What does CGT apply to?
CGT arises on the disposal of an asset - normally selling it. Most assets that people invest in are caught, for example shares, houses, antiques and paintings. Some things are outside the net - loan stock (including gilts) and cars are two examples. That exclusion extends to a vintage car so a profit on selling such a car won't be taxed unless you are trading in cars.
When does a disposal take place?
Most disposals are sales and for CGT purposes they take place on contract date, not completion date unless there is a conditional contract. An example of this might be a sale of a property subject to planning permission being granted - the sale wouldn't take place until permission was granted. A part disposal can give rise to a capital gain - selling part of a plot of land will usually produce a gain, with a proportion of the cost allocated against proceeds.
A gift is a CGT disposal - proceeds will be deemed to be market value at the time of the gift. If an asset is destroyed and you receive insurance money instead, that is also a disposal, with the insurance monies representing disposal proceeds.
How do you calculate the capital gain?
In essence it's simple - just proceeds less cost. But there are various things that can deducted as well; a property sale would deduct:
- costs of purchase (e.g. stamp duty)
- costs of sale (e.g. estate agent's costs)
- improvements during the period of ownership (which could range from an extension to the cost of installing double glazing)
At the moment, the rate of CGT is your marginal rate of income tax.
The idea is that the gains are notionally added at the top of your income and taxed accordingly. So anyone who is a higher rate taxpayer will
see CGT at 40%; someone who pays at basic rate will pay at 20% (not 22%), though the gain may well push the total above the higher rate threshold and mean some of the gain is taxed at 40%.
This is the big change for CGT - the rate is to be a flat 18% from 6 April this year.
Are there any reliefs from CGT?
Yes, quite a few - which is where it starts getting complex. The main reliefs include:
- annual exemption (everyone gets a first tranche of capital gains tax free; currently it's £9,200)
- indexation relief (adjustment for inflation)
- taper relief (which reduces the effective tax rate)
- rollover relief (for reinvesting gains on business assets)
- chattels relief (single items sold for under £6,000 are usually CGT free)
- losses
- main residence (an individual's home is outside the CGT net; a married couple get one CGT-free residence between them)
This was introduced in 1982 and gives an extra deduction for inflation on any asset owned in the period 1982-1998. It was stopped in April
1998 when taper relief was introduced but it was ‘banked' at that date. Indexation is calculated by reference to the increase in the retail prices index (RPI) over the period of ownership.

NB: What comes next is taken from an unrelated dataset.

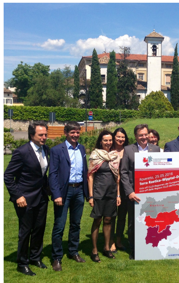
Bei der EVTZ-Vorstandssitzung in Rovereto am 26. Mai 2016: Die Landeshauptleute von Tirol, Südtirol und Trentino mit VertreterInnen der Interreg-Räte, die ihren Sitz in der Euregio haben. („Terra Raetica“ im Vinschgau und Tiroler Oberland sowie Engadin; „Wipptal“ in Nord- und Südtirol, „Dolomiti live“ mit Pustertal, Osttirol und Belluno)

Mit diesen Mitteln fördert das Programm italienisch-österreichische Kooperationsprojekte in den Bereichen Forschung und Innovation, Natur und Kultur, Ausbau institutioneller Kompetenz und Regionalentwicklung auf lokaler Ebene.

So if an asset cost £100 in March 1987, as the RPI went up by 60% in the period up to April 1998, that would mean you can deduct an £160 not £100 when calculating the gain.
What about taper relief?
Taper relief - introduced from April 1998 - rewards longer term investment by reducing the proportion of the gain that is chargeable over time. It also encourages certain areas - business assets - by giving them a better taper and so lower tax bills to their owners.

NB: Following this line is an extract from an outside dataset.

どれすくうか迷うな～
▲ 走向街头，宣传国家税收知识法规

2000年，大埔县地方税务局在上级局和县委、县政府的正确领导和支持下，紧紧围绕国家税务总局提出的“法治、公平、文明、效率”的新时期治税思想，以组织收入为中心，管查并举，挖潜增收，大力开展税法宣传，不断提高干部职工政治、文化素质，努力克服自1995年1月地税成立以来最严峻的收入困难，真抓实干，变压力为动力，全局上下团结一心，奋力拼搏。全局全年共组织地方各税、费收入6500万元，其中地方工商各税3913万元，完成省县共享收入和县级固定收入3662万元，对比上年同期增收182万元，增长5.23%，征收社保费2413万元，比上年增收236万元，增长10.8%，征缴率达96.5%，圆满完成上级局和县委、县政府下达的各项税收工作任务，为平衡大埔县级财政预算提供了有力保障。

Business assets are primarily your own business, assets used for the business, shares in unquoted companies and shares in the company you work for or in which you hold at least 5% of the shares (generally it has to be a trading business). Non-business assets are everything else: mainly second properties, buy-to-lets, antiques and shares in general plcs. The taper relief for business assets means only 25% of the gain is chargeable once it's been held for two years; non-business assets reduce to 60% chargeable, but only after 10 years.
But aren't these reliefs going?
Both indexation and taper relief are to be abolished for disposals after 5 April 2008. That's the other side of the reduction in rate to 18% and gives a mix of winners and losers. Winners are generally those with non-business assets (who currently pay an effective rate of at least 24% if they are higher rate payers); losers are those with business assets (who would have usually been expecting an effective CGT rate of 10% (i.e. 25% after taper relief of the 40% tax rate which equals 10%).
The scrapping of indexation can mean someone who has a long-held second property may lose more with the abolition of the indexation relief than they gain with the reduced rate. And anyone who would have paid at basic rate will almost always find their effective tax rate going up.
Is there any chance of some mitigation for these changes?
There will be a new "entrepreneurs' relief", modelled on the retirement relief that used to operate before taper relief came in. Someone selling a business, or shares in a business in which they own at least 5% (and which they've held for at least one year), will be allowed to make gains of up to £1m and pay tax at effective 10% rate before the full 18% rate kicks in on any balance. That £1m is a lifetime allowance so it doesn't just apply when someone sells up a small business and retires.
This doesn't help someone who just had a few shares in their employer, on which they would have received business asset taper.
Can you get relief for losses?
Yes: what happens is that you total up all your disposals for the tax year, so offsetting capital gains and any genuine capital losses you've realised in the tax year to get to a net result for the year. If that netting off produces a gain, you can offset your annual exemption to give a lower net gain or eliminate the gain entirely.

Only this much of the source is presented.